Issue 50
November/Decembe 2019
Welcome to Synergy
 
We are pleased to present the fiftieth issue of Synergy, a newsletter about the progress and processes of the Suffolk Care Collaborative (SCC).

The definition of synergy is the increased effectiveness that results when two or more entities work together. We are confident that the combined efforts of the many dedicated partners within the SCC will help the Collaborative reach its goals, leading to improved health for the residents of Suffolk County.  

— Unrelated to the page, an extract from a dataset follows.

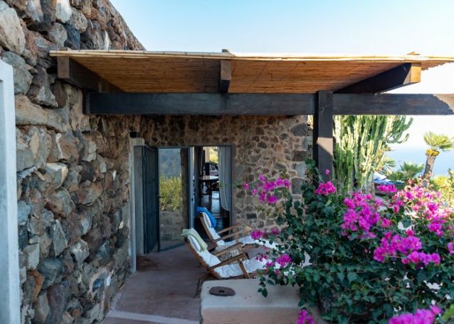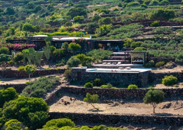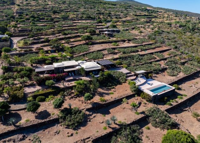 Si compone di due camere da letto matrimoniali ricavate da dammusi antichi e due bagni con doccia. L'ampia zona living arredata con salotti e la zona pranzo sono luminose grazie alle aperture a vetri dal quale è sempre visibile il blu del mare. All'esterno sono tanti i terrazzi arredati con amache, dormuse, salotti, con lettini prendisole ed il patio esterno presenta anche una seconda cucina ed un ulteriore tavolo per le cene d'estate all'aperto.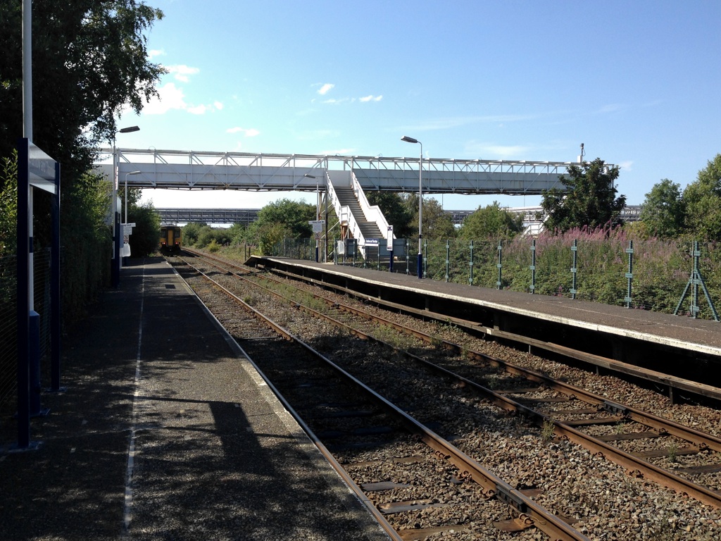 The “onward travel” poster gives the names of local taxi firms. This is rather optimistic – it’s unlikely a taxi would be able to get anywhere near the station. The road leading to the station, the romantically-named Oil Sites Road, is closed to all traffic except that on refinery business. Even the rail replacement buses have to drop off on the roundabout outside the complex. There is still a foot/cycle path open to the public, but it’s a long walk from here to anywhere.

About Suffolk Care Collaborative (SCC):  SCC is an alliance of healthcare providers in Suffolk County, Long Island, NY, formed to support New York State's Delivery System Reform Incentive Payment (DSRIP) initiative. Under the guidance and leadership of Stony Brook Medicine, SCC established a Population Health Management Service Organization to improve county-wide health by addressing a wide range of challenges to health in order to improve outcomes by encouraging wellness, making healthcare more accessible and reducing costs by decreasing unnecessary hospital utilization.  For more information, visit our website:  www.suffolkcare.org.

In This Issue
Utilizing Regional Health Information Organization (RHIO) Hospital Notifications to Support Care Transitions

The Suffolk Care Collaborative (SCC) partnered with Meeting House Lane Medical Practice (MHLMP) and New York Care Information Gateway (NYCIG) to execute a project that supports acute level care transitions through leveraging Regional Health Information Organization (RHIO) hospital notifications. RHIO hospital notifications inform providers when their patients utilize hospitals so that timely follow-up care can be addressed. The objective of the project was to improve care transitions from acute hospital level care to community care by developing an actionable report that could be utilized in the community practice setting in an efficient and sustainable manner employing RHIO hospital notifications.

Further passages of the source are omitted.